• _REQUIRED ACTION_
Return the data below exactly, but only from the line containing "Über dem Eingangsportal" through the line containing "Magyar Szó, 80.", with both of those lines included.

• _DATA_

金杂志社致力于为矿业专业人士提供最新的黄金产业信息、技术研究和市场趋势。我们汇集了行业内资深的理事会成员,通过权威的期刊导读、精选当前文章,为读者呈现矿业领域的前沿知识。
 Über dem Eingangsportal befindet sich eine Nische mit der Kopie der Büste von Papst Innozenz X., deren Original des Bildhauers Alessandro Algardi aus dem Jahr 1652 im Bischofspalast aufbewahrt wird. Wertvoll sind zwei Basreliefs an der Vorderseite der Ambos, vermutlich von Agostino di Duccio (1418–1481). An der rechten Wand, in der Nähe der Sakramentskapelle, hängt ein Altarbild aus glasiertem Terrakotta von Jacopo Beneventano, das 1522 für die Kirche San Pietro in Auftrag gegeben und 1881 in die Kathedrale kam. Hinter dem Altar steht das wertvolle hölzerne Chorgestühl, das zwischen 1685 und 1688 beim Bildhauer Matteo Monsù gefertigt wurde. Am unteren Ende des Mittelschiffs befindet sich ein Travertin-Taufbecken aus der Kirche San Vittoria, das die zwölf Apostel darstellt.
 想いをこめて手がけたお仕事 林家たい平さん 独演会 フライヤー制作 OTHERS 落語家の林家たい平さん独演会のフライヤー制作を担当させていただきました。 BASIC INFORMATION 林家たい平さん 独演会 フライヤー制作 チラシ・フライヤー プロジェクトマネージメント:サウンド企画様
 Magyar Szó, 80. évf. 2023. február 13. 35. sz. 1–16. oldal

--

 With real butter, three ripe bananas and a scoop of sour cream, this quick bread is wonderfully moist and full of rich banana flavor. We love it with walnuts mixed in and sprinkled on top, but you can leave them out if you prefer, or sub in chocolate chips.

--

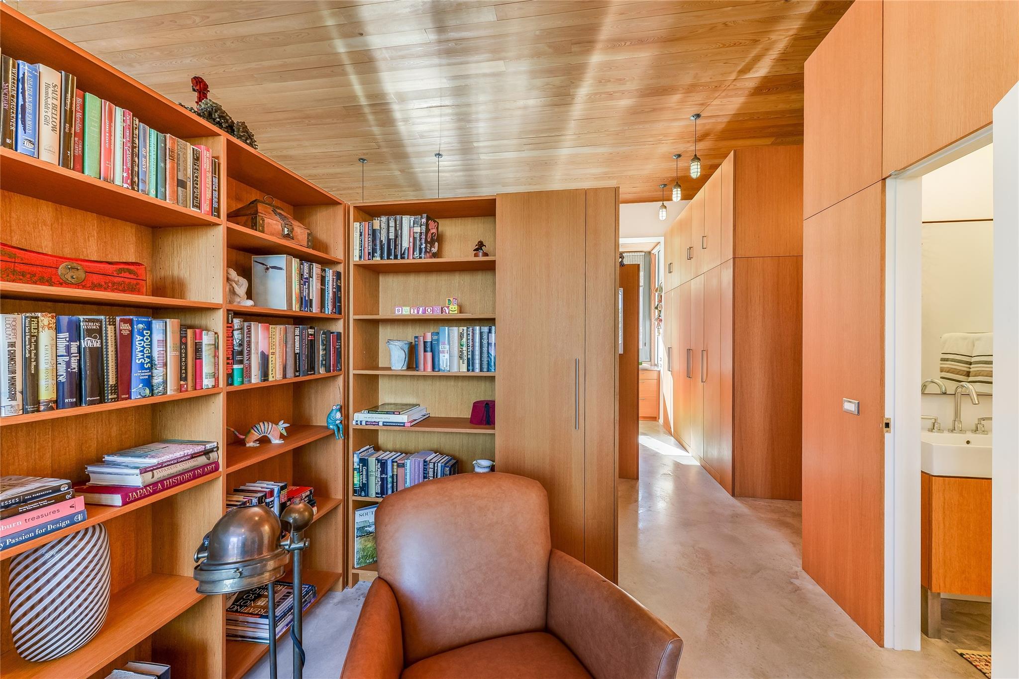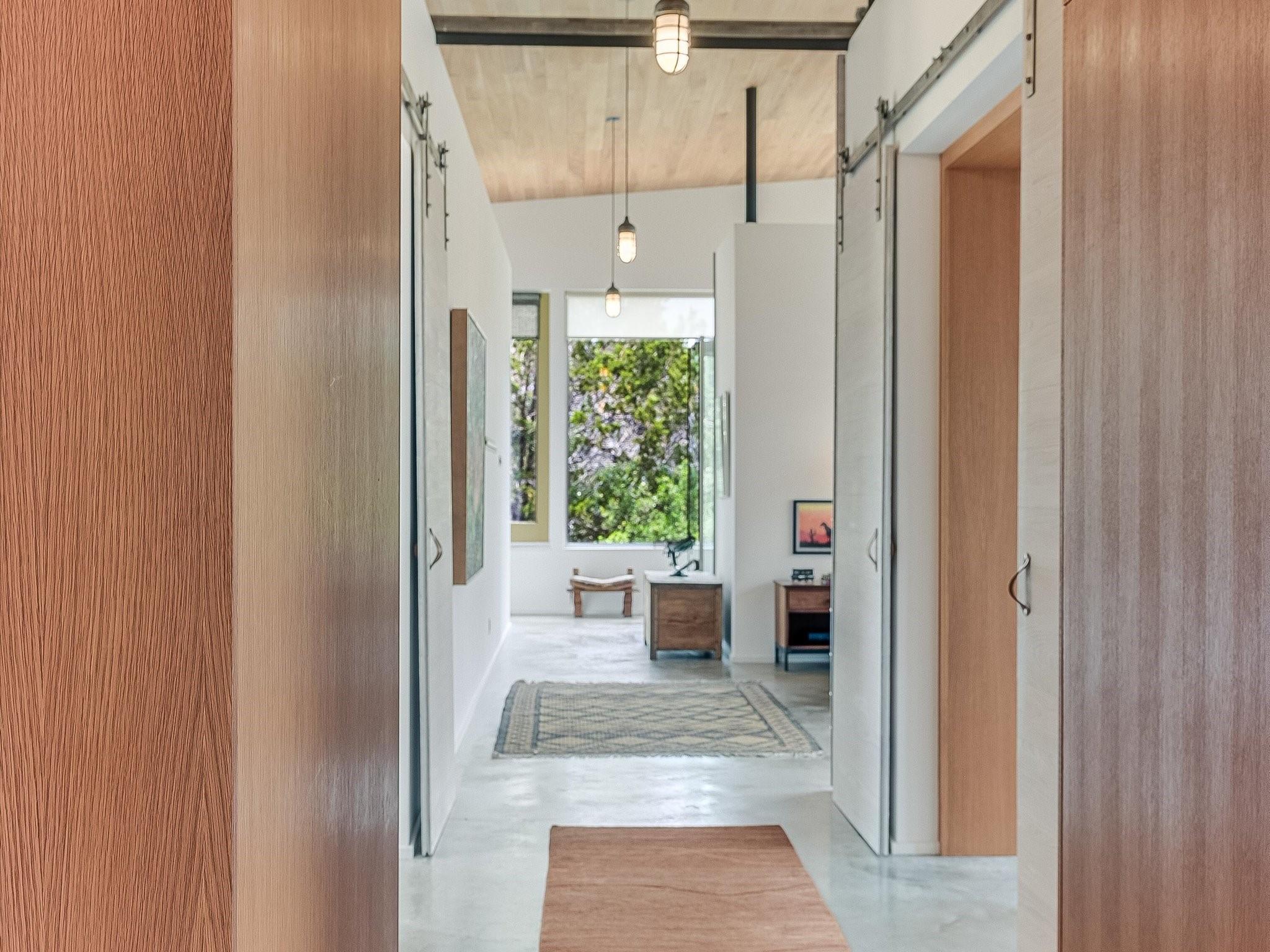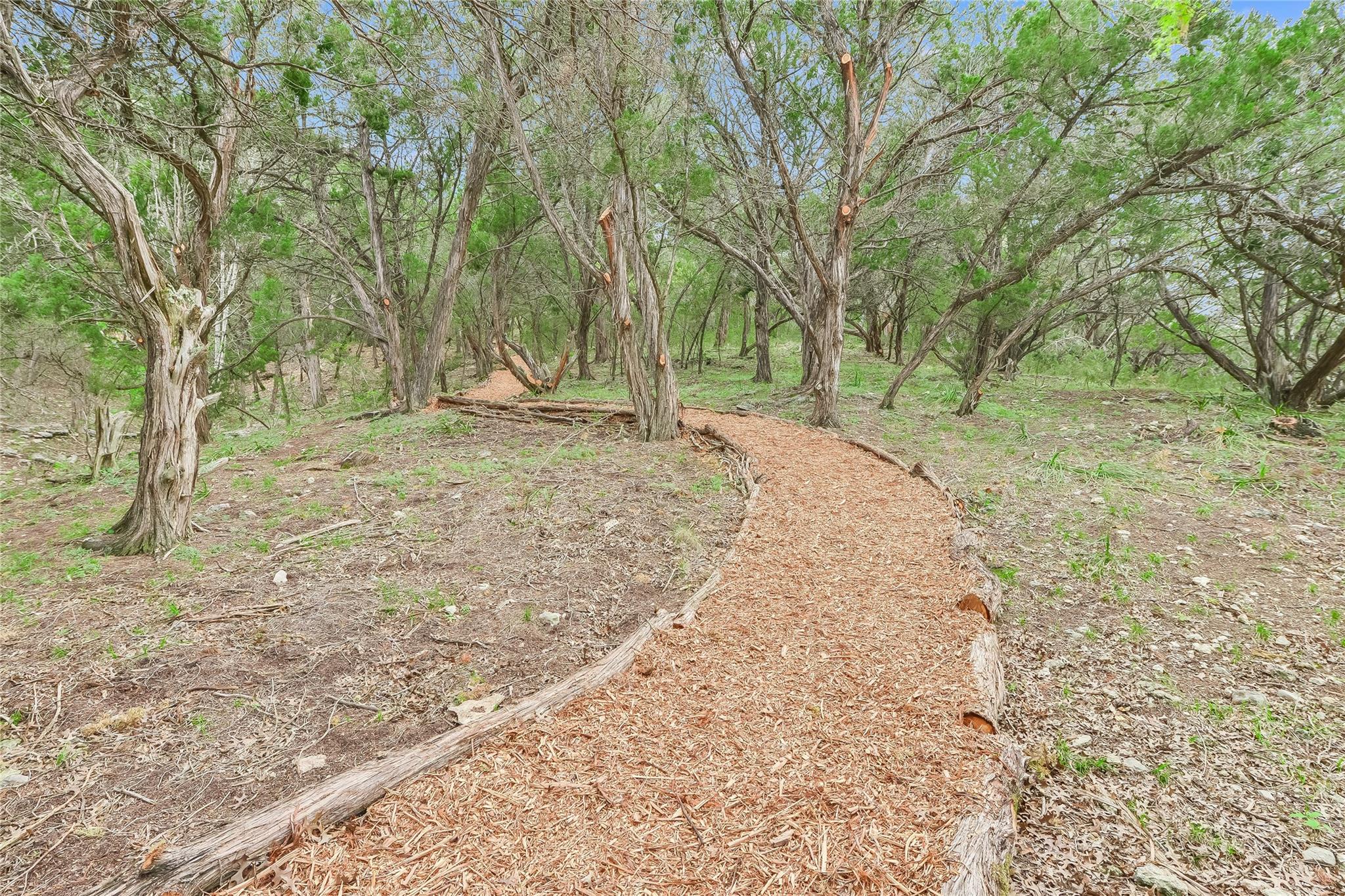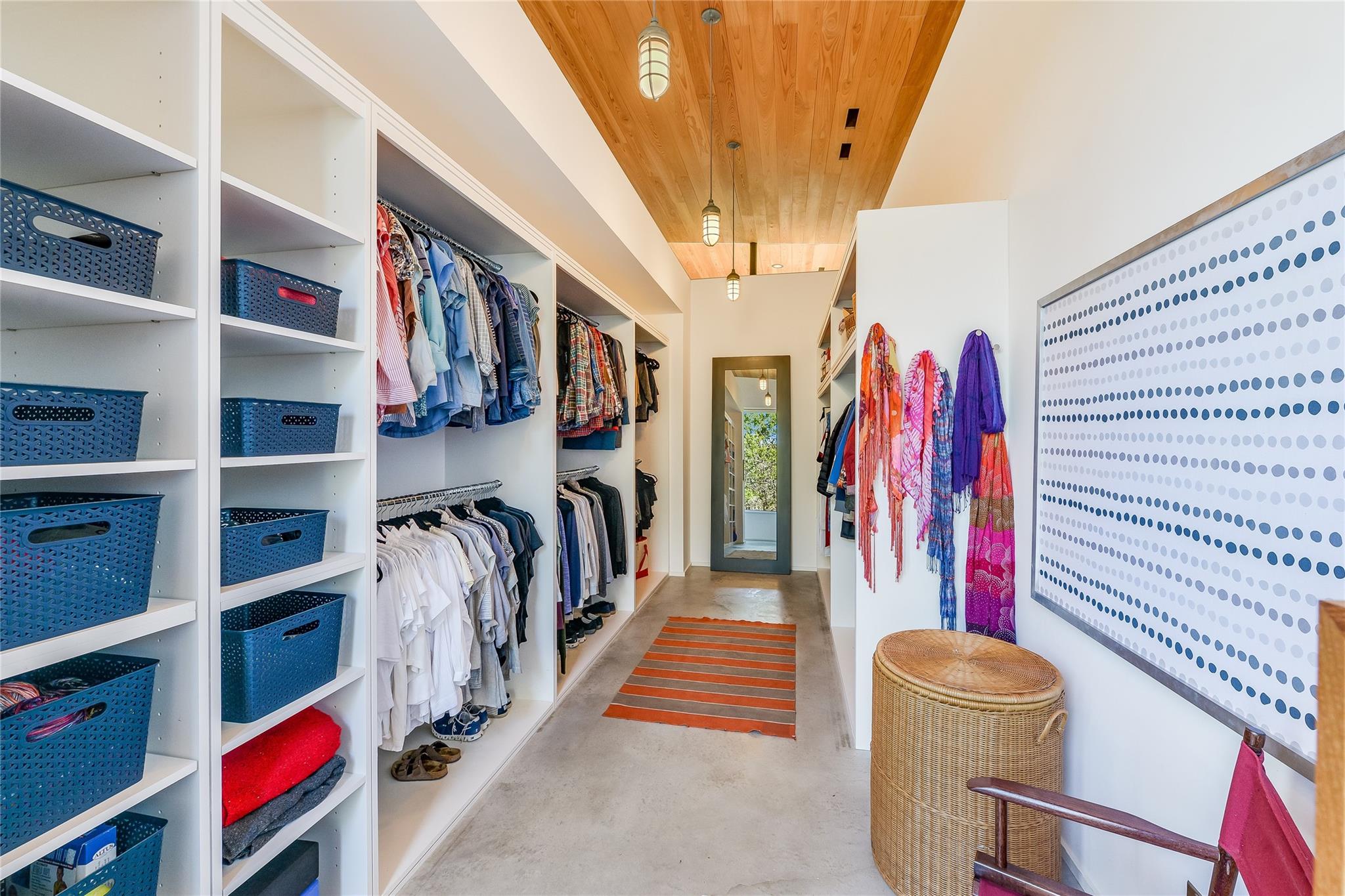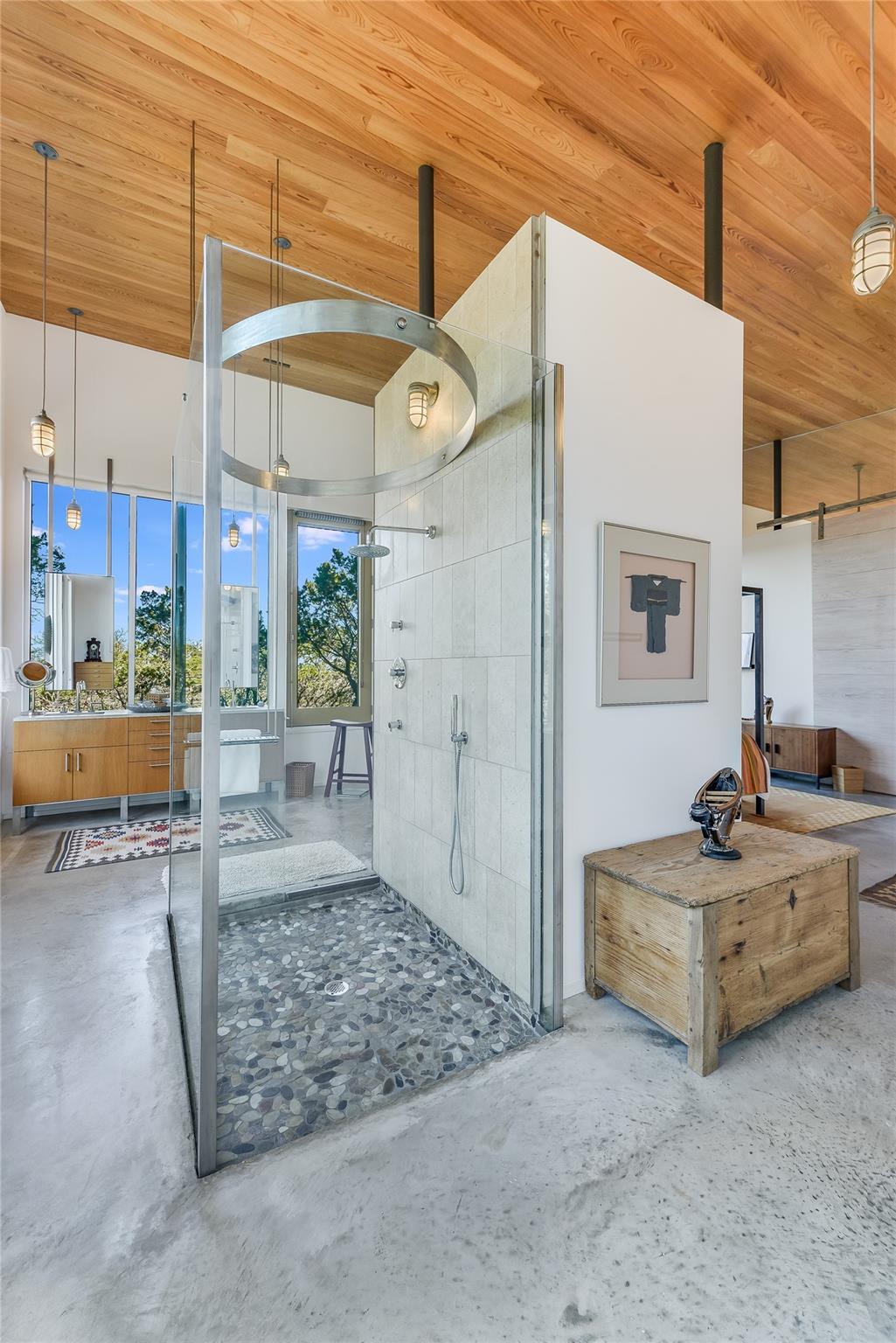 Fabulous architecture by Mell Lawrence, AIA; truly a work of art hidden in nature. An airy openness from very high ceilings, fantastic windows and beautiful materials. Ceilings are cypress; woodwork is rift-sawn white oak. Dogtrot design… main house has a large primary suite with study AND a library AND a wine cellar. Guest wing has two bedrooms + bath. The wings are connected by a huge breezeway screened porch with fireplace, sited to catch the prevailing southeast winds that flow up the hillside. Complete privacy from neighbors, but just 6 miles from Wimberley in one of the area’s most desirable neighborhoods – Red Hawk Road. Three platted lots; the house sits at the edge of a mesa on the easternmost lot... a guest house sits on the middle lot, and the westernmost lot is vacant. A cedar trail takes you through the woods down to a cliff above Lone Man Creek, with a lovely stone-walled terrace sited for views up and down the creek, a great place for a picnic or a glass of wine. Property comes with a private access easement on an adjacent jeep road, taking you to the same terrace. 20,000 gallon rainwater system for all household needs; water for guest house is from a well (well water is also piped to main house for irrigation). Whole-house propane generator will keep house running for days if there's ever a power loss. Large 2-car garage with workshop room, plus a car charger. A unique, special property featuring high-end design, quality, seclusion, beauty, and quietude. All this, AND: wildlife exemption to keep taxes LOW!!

• _ANSWER SECTION_
 Über dem Eingangsportal befindet sich eine Nische mit der Kopie der Büste von Papst Innozenz X., deren Original des Bildhauers Alessandro Algardi aus dem Jahr 1652 im Bischofspalast aufbewahrt wird. Wertvoll sind zwei Basreliefs an der Vorderseite der Ambos, vermutlich von Agostino di Duccio (1418–1481). An der rechten Wand, in der Nähe der Sakramentskapelle, hängt ein Altarbild aus glasiertem Terrakotta von Jacopo Beneventano, das 1522 für die Kirche San Pietro in Auftrag gegeben und 1881 in die Kathedrale kam. Hinter dem Altar steht das wertvolle hölzerne Chorgestühl, das zwischen 1685 und 1688 beim Bildhauer Matteo Monsù gefertigt wurde. Am unteren Ende des Mittelschiffs befindet sich ein Travertin-Taufbecken aus der Kirche San Vittoria, das die zwölf Apostel darstellt.
 想いをこめて手がけたお仕事 林家たい平さん 独演会 フライヤー制作 OTHERS 落語家の林家たい平さん独演会のフライヤー制作を担当させていただきました。 BASIC INFORMATION 林家たい平さん 独演会 フライヤー制作 チラシ・フライヤー プロジェクトマネージメント:サウンド企画様
 Magyar Szó, 80. évf. 2023. február 13. 35. sz. 1–16. oldal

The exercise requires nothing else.